Tim Barry 2022-07-04
library(tidyverse)
library(ondisc)
This repository contains code to import and process the Gasperini 2019 data. Gasperini et al. developed a high MOI, single-cell CRISPR screen assay to map putative enhancers at genome-wide scale in a population of >200,000 K562 cells.
The gasperini-2019-v2
directory structure is as follows:
└── at-scale
├── intermediate
├── processed
│ ├── gene
│ │ ├── matrix.odm
│ │ └── metadata.rds
│ ├── grna_assignment
│ │ ├── matrix.odm
│ │ └── metadata.rds
│ └── grna_expression
│ ├── matrix.odm
│ └── metadata.rds
└── raw
The contents of the raw
and intermediate
directories are suppressed,
as they are unimportant. We set file paths to the gene
,
grna_assignment
, and grna_expression
modalities of the processed
directory below.
gasp_offsite <- paste0(.get_config_path("LOCAL_GASPERINI_2019_V2_DATA_DIR"), "at-scale/")

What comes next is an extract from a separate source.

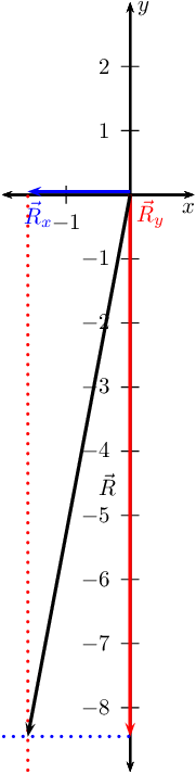Now we draw the resultant vector, \(\vec{R}_{y}\) and \(\vec{R}_{x}\)
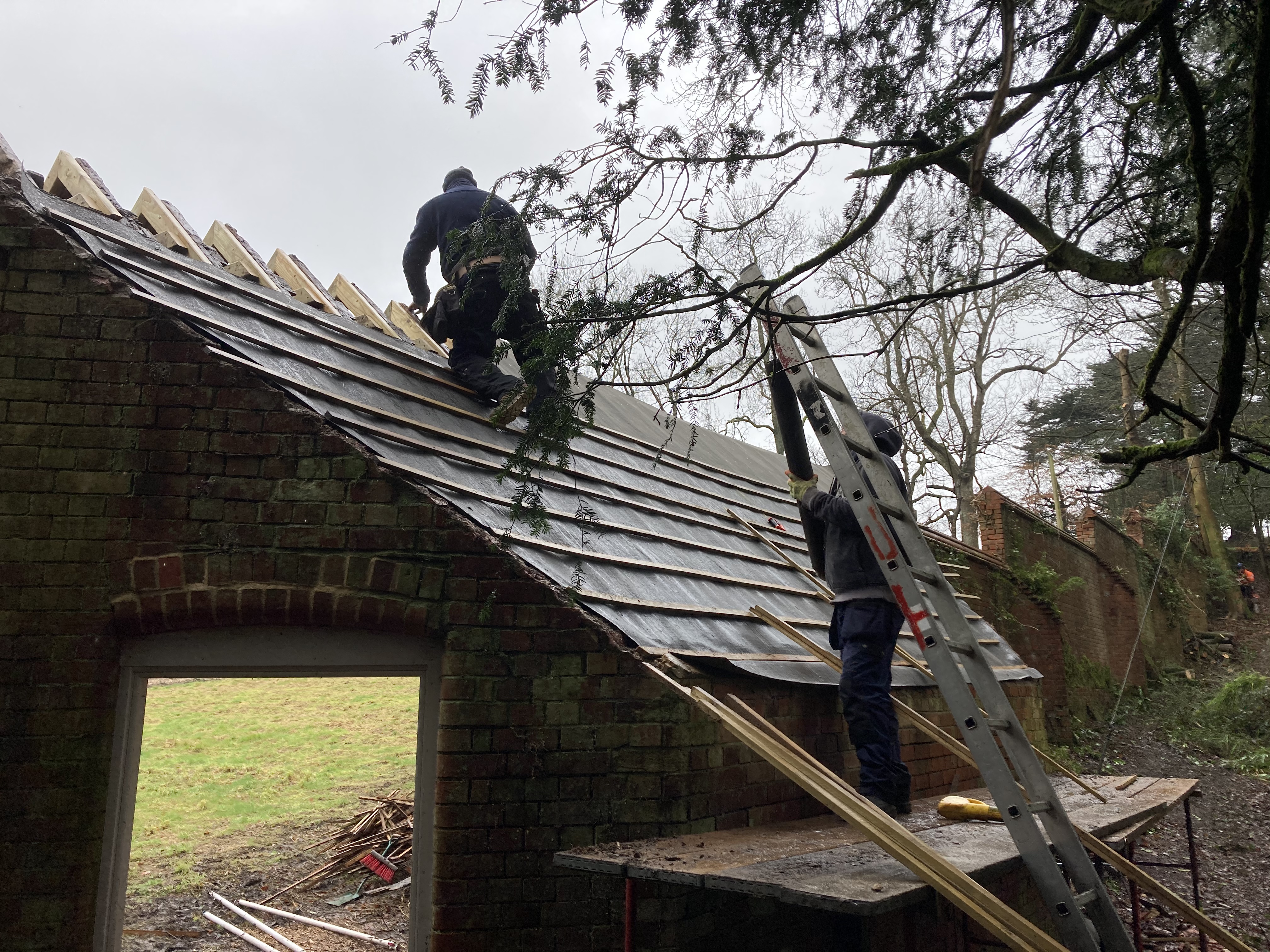 The completion of the well-house renovation is in sight with new rafters, felt and batons, and the surviving clay tiles going back on.

processed_data_dir <- paste0(gasp_offsite, "processed/")
processed_gene_dir <- paste0(processed_data_dir, "gene/")
processed_gRNA_expression_dir <- paste0(processed_data_dir, "grna_expression/")
processed_gRNA_assignment_dir <- paste0(processed_data_dir, "grna_assignment/")
gene_odm <- read_odm(paste0(processed_gene_dir, "matrix.odm"),
paste0(processed_gene_dir, "metadata.rds"))
gene_odm
## A covariate_ondisc_matrix with the following components:
## An integer-valued ondisc_matrix with 13135 features and 207324 cells.
## A cell covariate matrix with columns n_nonzero, n_umis, p_mito, batch.
## A feature covariate matrix with columns mean_expression, coef_of_variation, n_nonzero.
The gene data consist of 13,135 genes measured across 207,324 cells. The
cell covariates include n_nonzero
(number of genes expressed in cell),
n_umis
(cell sequencing depth or library size), p_mito
, and batch
.
There are two batches: prep_batch_1
and prep_batch_2
.
gene_odm |> get_cell_covariates() |> head()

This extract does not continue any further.